Breath Holding in Children
About 20% of babies and young children have a habit of breath-holding at some time between the ages of 6 months to 4 years, although the episodes can start earlier and go on later. When breath-holding episodes do occur in younger infants, then a frequent cause is pain, as may occur from reflux or ear pain. There is often a strong family history. Breath-holding is one of the commoner symptoms that worry parents but usually has no underlying serious cause.
Usually, each episode of breath-holding occurs during a crying session but can occur just in response to a painful or frightening episode, without a preceding bout of crying. In a breath-holding episode, your baby seems to take a big breath during the cry, breathes out, but fails to breathe in. Their face will go red or blue, and they will faint or resume breathing, usually without intervention.
The episode of breath-holding is usually triggered by an episode of anger, frustration, or pain. Your baby will cry, and they seem to breathe out after a long yell, but not breath in. Their lips turn blue, and either breathing restarts, or they may go on to turn blue all over, and then lose consciousness.
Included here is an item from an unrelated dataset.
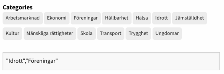 A list of categories that participants can click so they get added to a text field (see screenshot from CONSUL)

This is a feint, which is the baby’s safety mechanism. As they lose consciousness then automatically and inevitably, will start to breathe again. Whilst unconscious, even for a few seconds, they may go stiff, and then twitch. This is a small fit, but the episode is so short there is no likelihood of brain damage.
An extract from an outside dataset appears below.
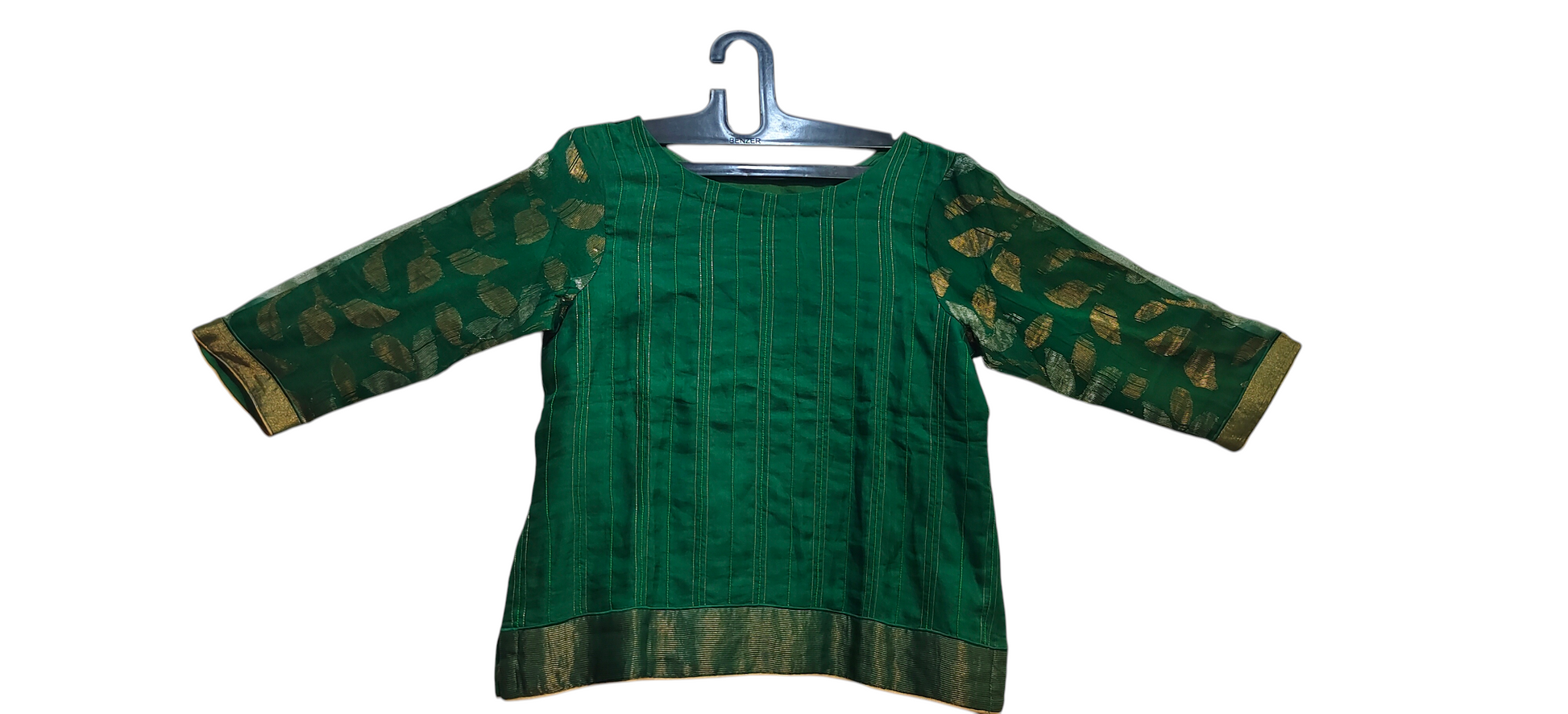 a traditional emerald green brocade BLOUSE with gold leaf motifs, featuring 3/4th sleeves with gold zari borders, a wide round neckline, and a straight mid-hip length cut, styled in the aesthetic of a minimalist South Asian fashion editorial, clean background, fashion catalog pose.

In general breath-holding episodes are self-limiting, each episode lasting just a few seconds, but this of course can feel like a lifetime when you are watching your child turn blue. Invariably your nerves will be frayed by these events.
Breath-holding is not related to epilepsy, and unless the child was going to develop epilepsy anyway, will not cause epilepsy to start. The episodes are very different in many ways. They will almost invariably have been crying or upset by some event just before turning blue. In epilepsy, there is not usually such a close relationship between a trigger and the event. After the breath-holding episode, they will rapidly be bright and alert, after an epileptic fit they will usually be sleepy.
If they are frequent then advice can be sought, but there are no effective treatments. However, some simple measures can help reduce the frequency of episodes:
Identify if painful reflux is the cause
Avoid reinforcing the behaviour, i.e ignore the triggers
Distract her during crying episodes.
Remain calm and remind other caregivers that these are harmless episodes.
If breath-holding is identified as attention-seeking, then don’t provide the attention but do reassure them after the event.
If the breath-holding spells are very frequent ie 5-10 times per day every day, and lasting more than about a minute, and do not seem to be related to the triggers mentioned above, or if you have any other worries then seek further advice from your doctor or other health care advisor.
White or pallid/pale may be more serious: a previously happy child goes very pale and falls to the ground. This must be investigated by a Paediatrician to exclude fits or heart rhythm disturbances.